0857 ET - CIBC Capital Economics says that May's inflation data for Canada likely represents a peak, with crude-oil prices retreating this month after an agreement between the US and Iran. Headline inflation in Canada accelerated in May, 3.2%, or slightly above consensus, powered by a sizable rise--33.2%--in gasoline prices. The key thing, the firm says, is that core CPI, which strips out volatile items, remains unchanged, near 2%. Core CPI is likely to accelerate in the months ahead, as air fares pickup and the World Cup in Toronto and Vancouver boost prices. But core CPI's low-starting point "should enable the Bank of Canada to look through any near-term acceleration," says economist Andrew Grantham, sticking to CIBC's call for BOC to keep its policy rate unchanged through 2026. (Paul.Vieira@wsj.com; @paulvieira)

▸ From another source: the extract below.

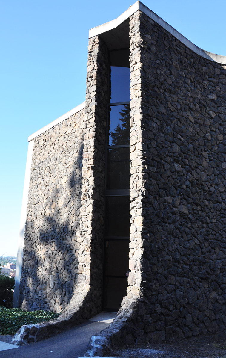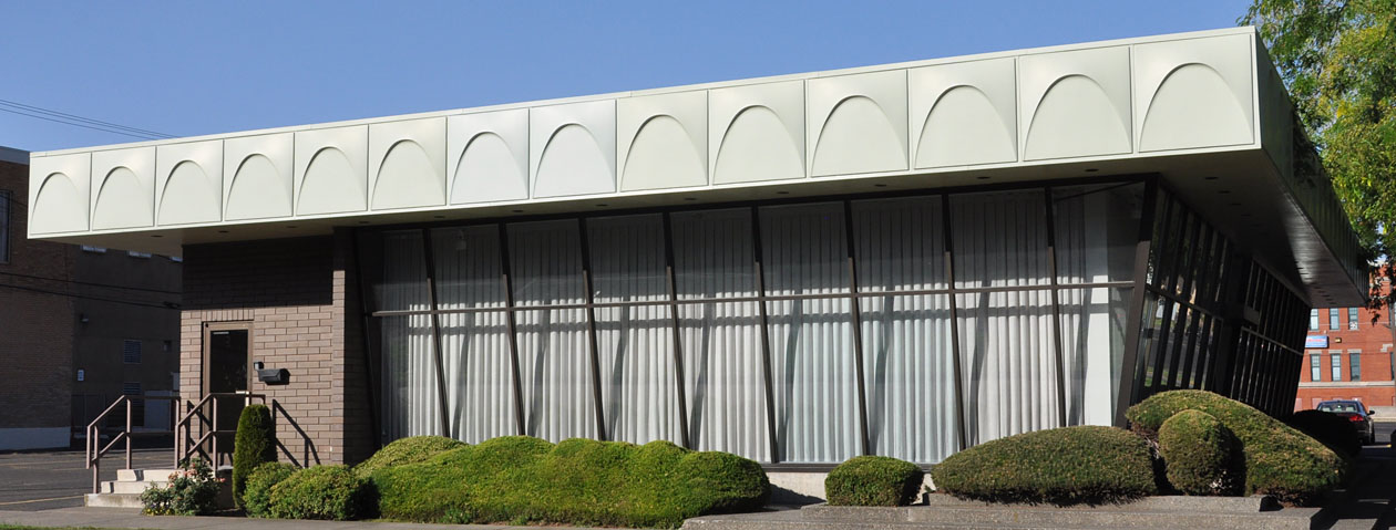 | The Clark County Title Company was built from 1962-1963. The building later housed Vancouver Technology Services. It was demolished around 2019. 32 of the sculpted concrete panels created by James Lee Hansen were saved by the city and put in storage. In 2022, some of them were installed at the Esther St. underpass. For more, see this website. |

0630 ET - Morgan Stanley says its bullish $5,200-a-troy-ounce gold price target for the second half of the year has become more challenging to achieve without a meaningful rebound in ETF inflows. "While central bank gold buying may resume regardless, ETF flows are more sensitive to changes in rate expectations," analysts at MS say. "The missing piece is ETF demand, which is likely to remain sensitive to the Fed path, real yields and the dollar." The U.S. bank remains positive on the precious metal's long-term outlook, as easing tensions in the Middle East and lower oil prices help reduce concerns over inflation. However, the Federal Reserve struck a hawkish tone at its last meeting, raising expectations that interest rates will stay higher for longer and increasing the opportunity cost of holding non-yielding assets such as gold. (giulia.petroni@wsj.com)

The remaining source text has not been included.